### EXERCISE GOAL
Leaving the pictures aside, return all of the data below exactly.

### AVAILABLE DATA

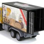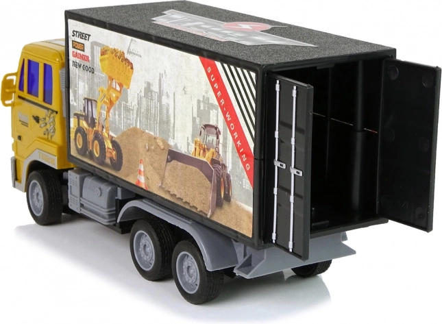 Kamión má žltú kabínu a čierny kontajner s výraznými nálepkami, verne napodobňujúci reálny stavebný stroj.
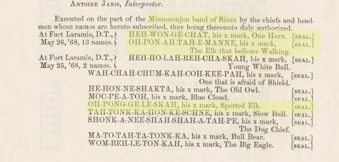 The Fort Laramie Treaty signatures serve as fixed documentary anchors that, when read alongside oral history and descendant testimony, help ensure that Minneconjou leaders such as Lone Horn, Spotted Elk, and She Elk Voice Walking are remembered as distinct yet closely related figures within their historical and cultural context.
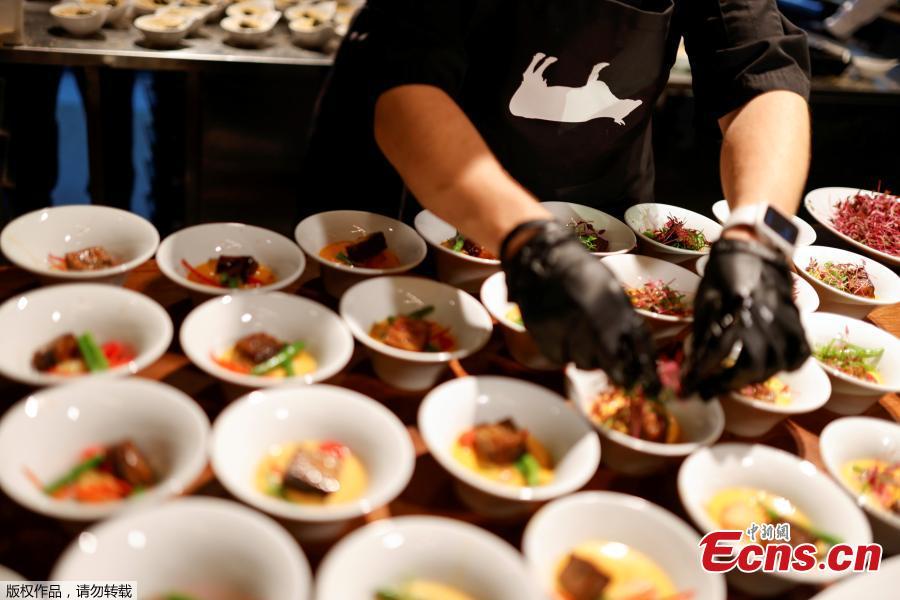 A chef prepares dishes with 3D printed plant-based steaks mimicking beef, produced by Israeli start-up Redefine Meat as part of an event marking the international commercial launch of its New-Meat product range in a restaurant in Tel Aviv, Israel, Nov. 15, 2021. (Photo/Agencies)
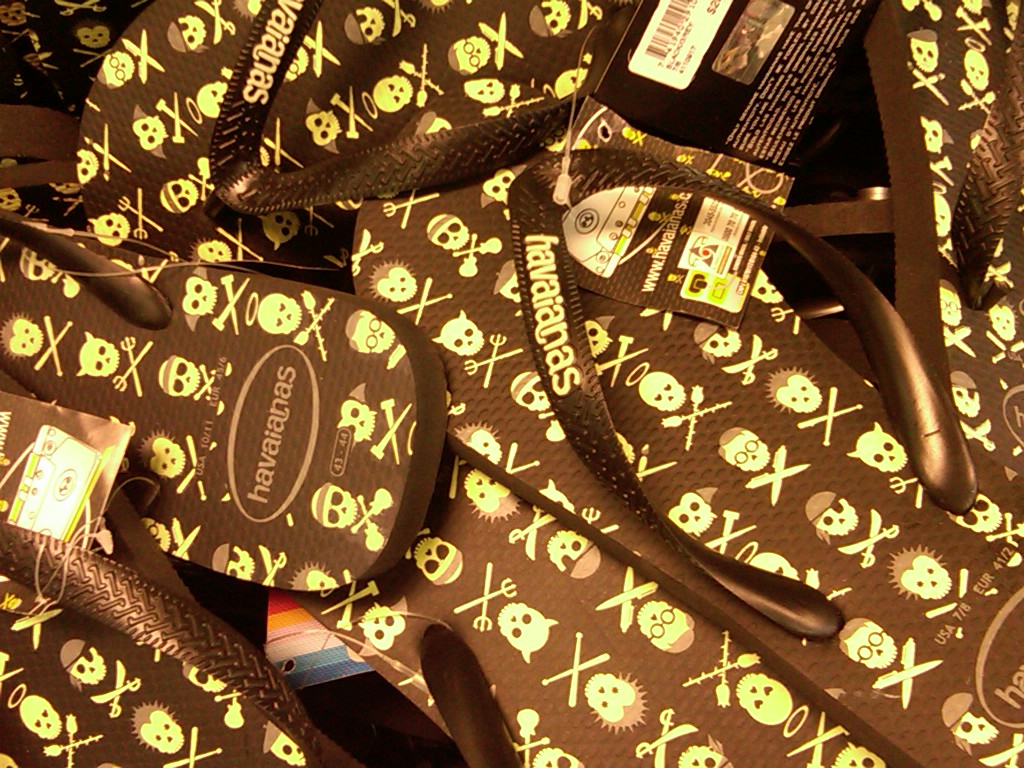 You heard of the Sea of Love? Well check out the Sea of Havianas! During my last trip to Miami, I discovered a different sea at TOOTSIES (305-674-0068). This salon and boutique has the largest selection of these wonderful rubber sandals in Miami. Skulls, flags, hearts, stripes, dots…you name it. The novelty of seeing all the unique styles in baskets all over the store, made me become an instant collector. I walked out with 3 pairs later and a reunion with a old friend (the owner). What a pleasant afternoon. Summertime, I’m ready!!!

### PROBLEM SOLUTION
 Kamión má žltú kabínu a čierny kontajner s výraznými nálepkami, verne napodobňujúci reálny stavebný stroj.
 The Fort Laramie Treaty signatures serve as fixed documentary anchors that, when read alongside oral history and descendant testimony, help ensure that Minneconjou leaders such as Lone Horn, Spotted Elk, and She Elk Voice Walking are remembered as distinct yet closely related figures within their historical and cultural context.
 A chef prepares dishes with 3D printed plant-based steaks mimicking beef, produced by Israeli start-up Redefine Meat as part of an event marking the international commercial launch of its New-Meat product range in a restaurant in Tel Aviv, Israel, Nov. 15, 2021. (Photo/Agencies)
 You heard of the Sea of Love? Well check out the Sea of Havianas! During my last trip to Miami, I discovered a different sea at TOOTSIES (305-674-0068). This salon and boutique has the largest selection of these wonderful rubber sandals in Miami. Skulls, flags, hearts, stripes, dots…you name it. The novelty of seeing all the unique styles in baskets all over the store, made me become an instant collector. I walked out with 3 pairs later and a reunion with a old friend (the owner). What a pleasant afternoon. Summertime, I’m ready!!!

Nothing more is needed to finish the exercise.